**TRY IT**
What are the lines below, starting at the line containing "休日の朝、カーテン越しに光が" and ending at the line containing "蜜汁炖鱿鱼txt下载完整版(蜜汁炖鱿鱼txt下载)"? Write them out exactly, ends included, without pictures.

Data records
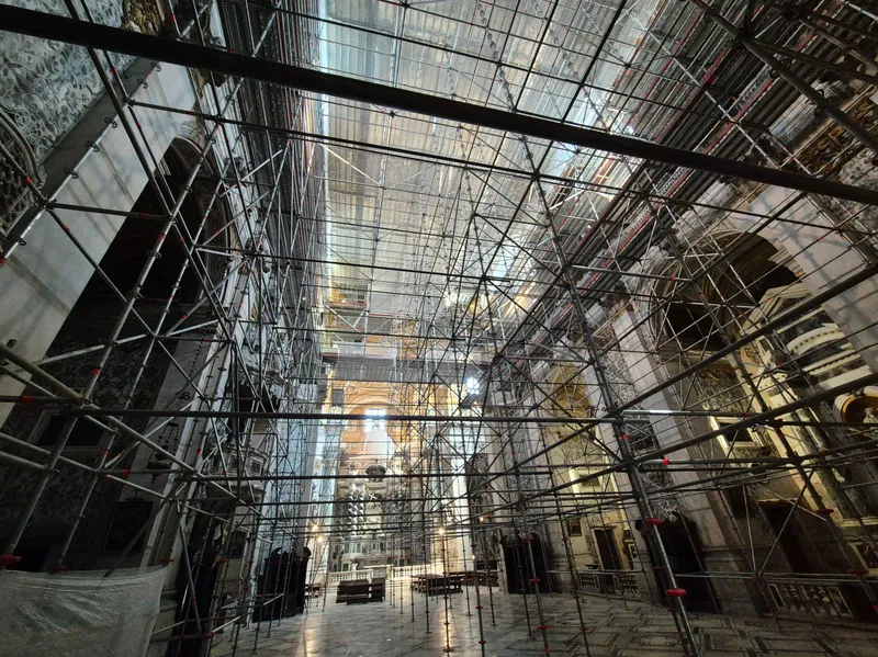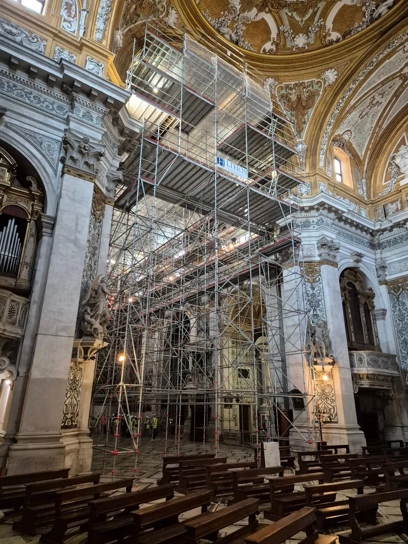 Impalcato Layher che permette il restauro dei decori sulla volta della chiesa dei Gesuiti
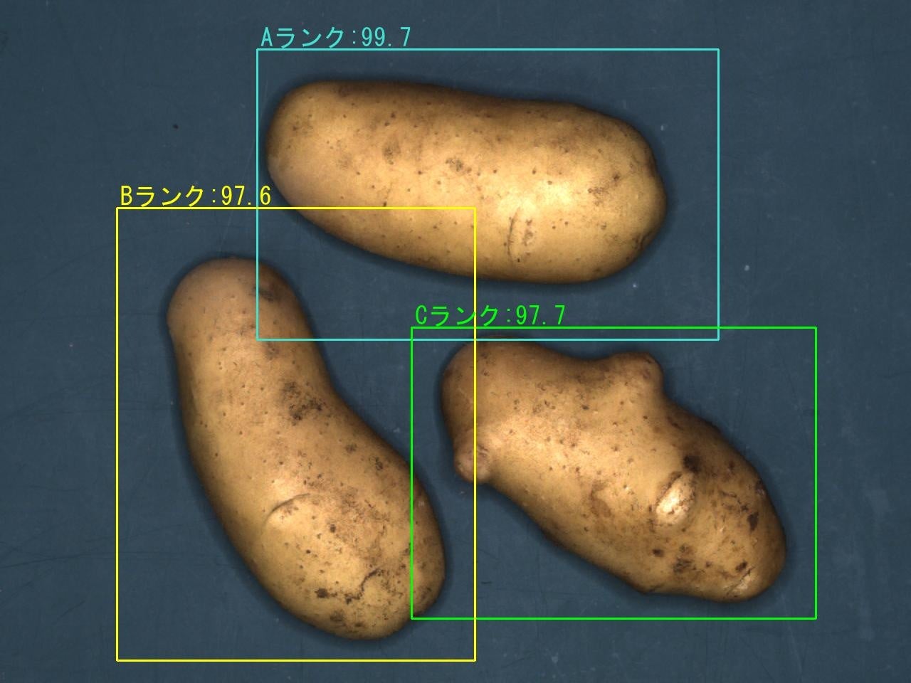 メークインを形状ごとに等級判別しています。学習のさせ方によって、サイズ・形状・色などの様々なルールで判別が可能です。認識点数が高い方を優先するといった設定もできます。
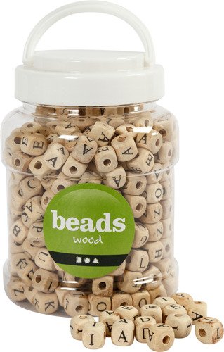 Perles à lettres en bois 9/9/9 mm, 185 g
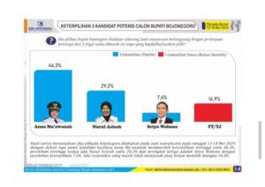 Selain itu, hasil survei tingkat keterpilihan dari tiga kandidat calon Bupati Bojonegoro, Anna Mu’awanah masih menempati posisi teratas diantara pesaingnya Nurul Azizah dan Setyo Wahono.
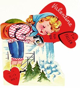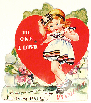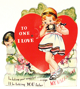 This is another example of a Valentine in two pieces connected by a tiny grommet. When the little girl lowers her camera into position to take a photo, the little boy's head pops up from behind the wall. |
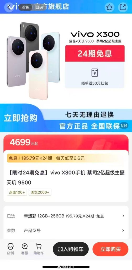 رصد مدون تقني هاتف Vivo X300 مدرجاً على أحد مواقع البيع بالتجزئة الصينية، حاملاً سعر 4,699 يوان (حوالي 660 دولاراً أمريكياً).
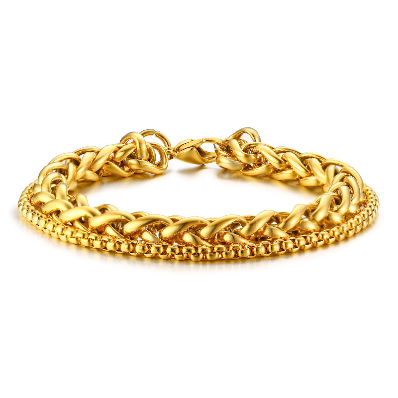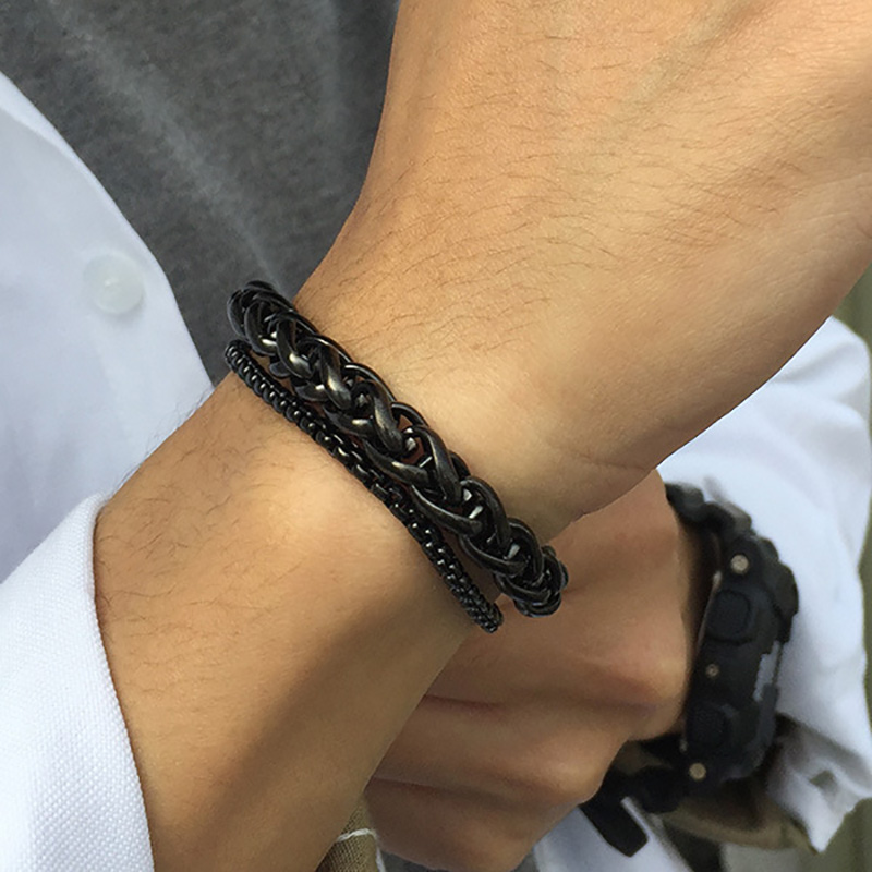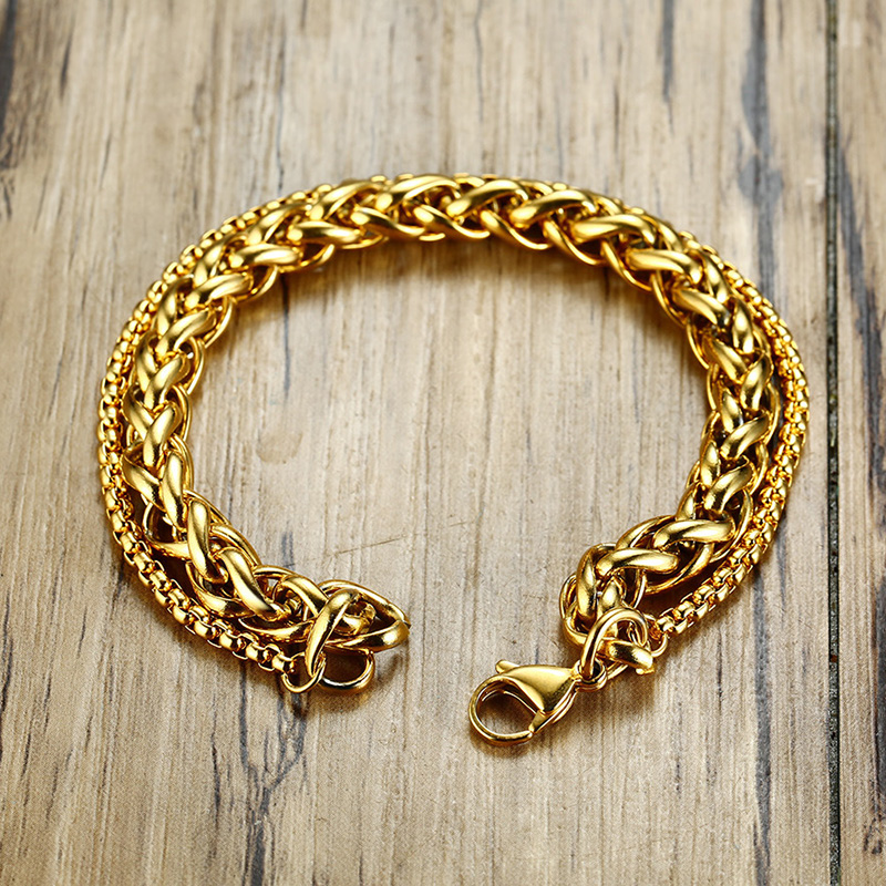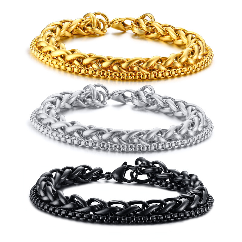 Fleepmart Wheat Chain Bracelet for Men Double Link Stainless Steel Wristands Male Accessories
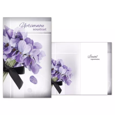 Přání MFP kondolenční M13 063 T. Úmrtí blízké osoby je vždy tragická událost. Vyjádřete kondolencí upřímnou soustrast a soucit pozůstalým. Kondolenční přání a smuteční květiny Vám zajistí důstojné rozloučení s vaším blízkým člověkem. Přání je s obrázkem fialek obvázaných černou stužkou. Text na přední straně přání: Upřímnou soustrast. Text uvnitř přání: Smutně vzpomínáme. Papír: pohlednicový karton 240 g. Přání je baleno v sáčku, součástí balení je i dopisní obálka.
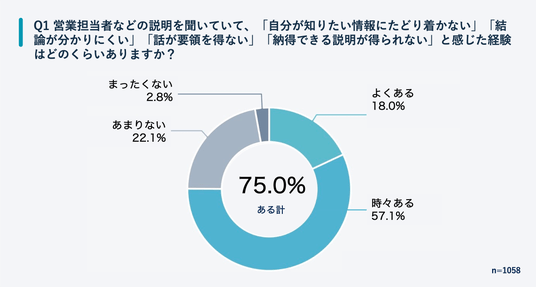 「知りたい情報にたどり着かない」「結論が分かりにくい」など、説明を聞くことに疲れや負荷を感じる経験について尋ねたところ、75.0%が「よくある」「時々ある」と回答しました。
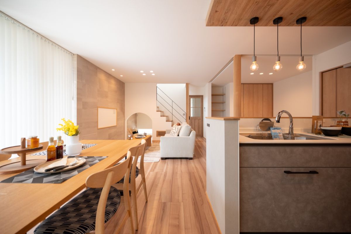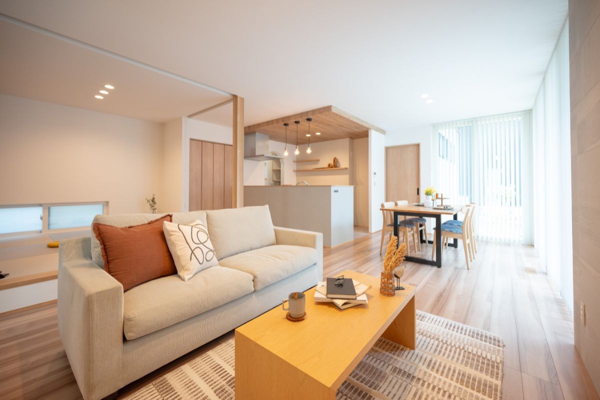 休日の朝、カーテン越しに光が差し込むリビングに自然と家族が集まる。料理をする声、笑い声がひとつの空間に溶け合う心地よさ。
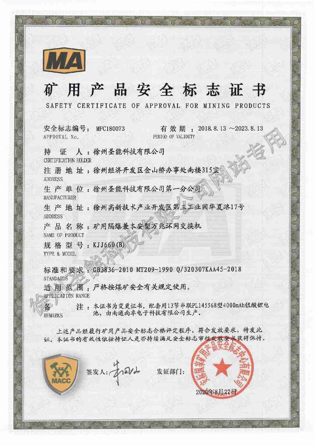 KJJ660(A)矿用隔爆兼本安型交换机防爆证
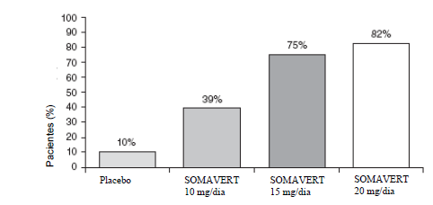 O desfecho primário de eficácia foi a alteração da porcentagem em concentração do IGF-I desde o baseline até a semana 12. Estes 3 grupos que receberam pegvisomanto demonstraram reduções estatisticamente significativas nos níveis séricos de IGF-I (p<0,01) comparado com o grupo de placebo (Tabela 1).
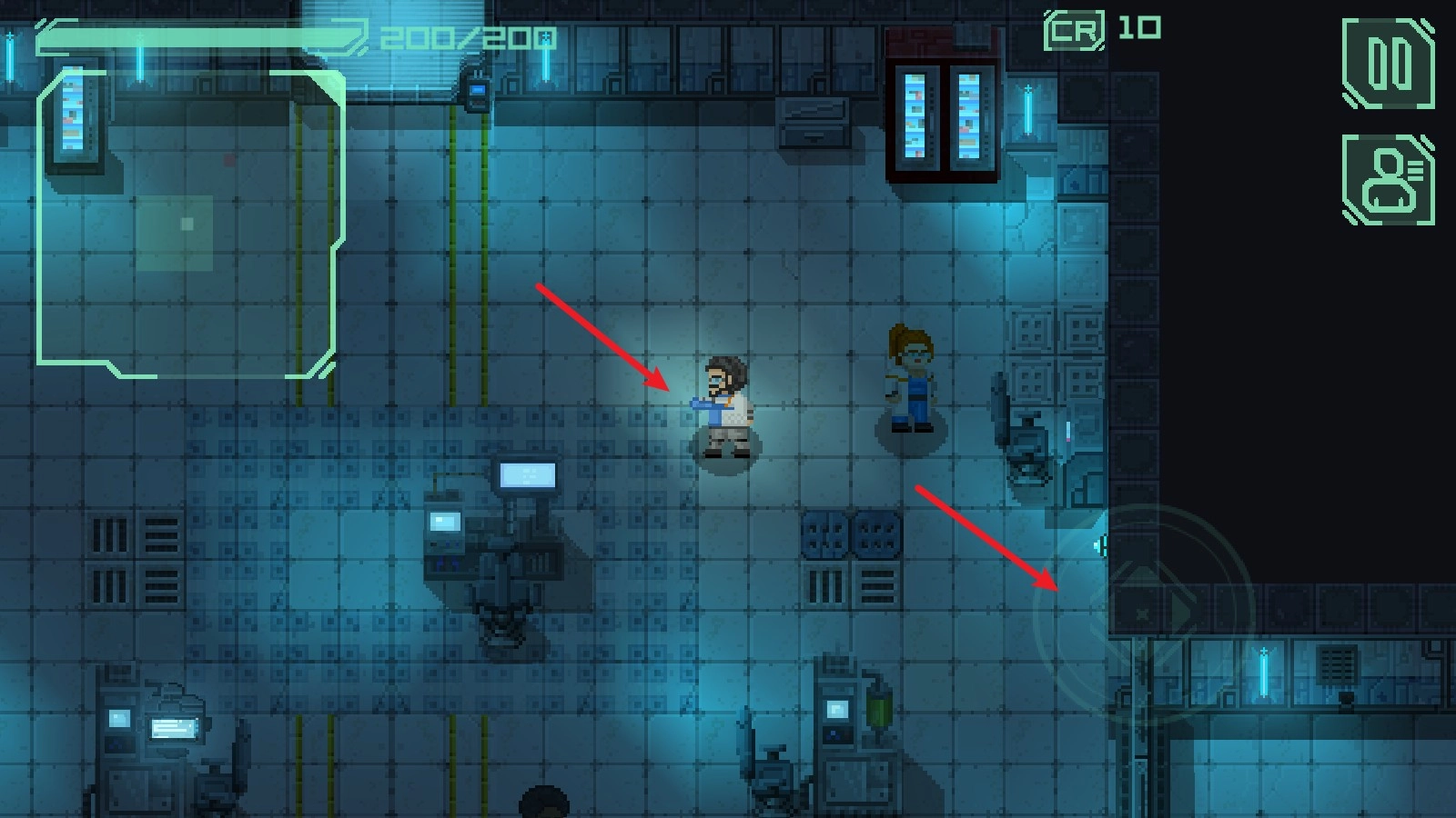 战争人太空行动是一款以太空基地为背景的RPG类悬疑游戏,在游戏过程中玩家可以选择不同的身份开展游戏,同时对于不同的身份所拥有的技能和所触发的剧情也就不同,游戏以仿像素风为主搭建一个收到不明原因影响而废弃的太空基站,而玩家需要从上帝视角俯瞰2D平面的角度去操纵我们的主角。
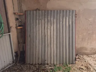 Se venden dos hojas de puerta de garaje. - Material: chapa metálica acanalada. - Color: gris. Y rojo.
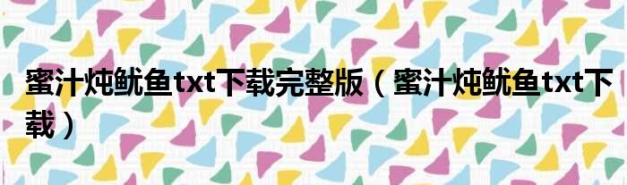 蜜汁炖鱿鱼txt下载完整版(蜜汁炖鱿鱼txt下载)
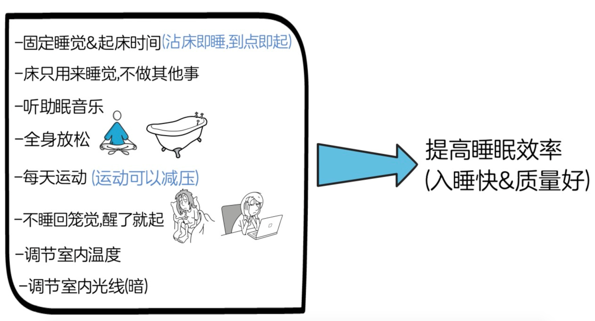 作者认为,床的目的就是为了睡觉,而不是为了在床上玩手机,看书之类的,有效的睡眠是躺上床就开始进入睡眠,也就是说减少在床上做其他不是睡眠的事。对此,他提出了以下8点建议:

**PROBLEM SOLUTION**
 休日の朝、カーテン越しに光が差し込むリビングに自然と家族が集まる。料理をする声、笑い声がひとつの空間に溶け合う心地よさ。
 KJJ660(A)矿用隔爆兼本安型交换机防爆证
 O desfecho primário de eficácia foi a alteração da porcentagem em concentração do IGF-I desde o baseline até a semana 12. Estes 3 grupos que receberam pegvisomanto demonstraram reduções estatisticamente significativas nos níveis séricos de IGF-I (p<0,01) comparado com o grupo de placebo (Tabela 1).
 战争人太空行动是一款以太空基地为背景的RPG类悬疑游戏,在游戏过程中玩家可以选择不同的身份开展游戏,同时对于不同的身份所拥有的技能和所触发的剧情也就不同,游戏以仿像素风为主搭建一个收到不明原因影响而废弃的太空基站,而玩家需要从上帝视角俯瞰2D平面的角度去操纵我们的主角。
 Se venden dos hojas de puerta de garaje. - Material: chapa metálica acanalada. - Color: gris. Y rojo.
 蜜汁炖鱿鱼txt下载完整版(蜜汁炖鱿鱼txt下载)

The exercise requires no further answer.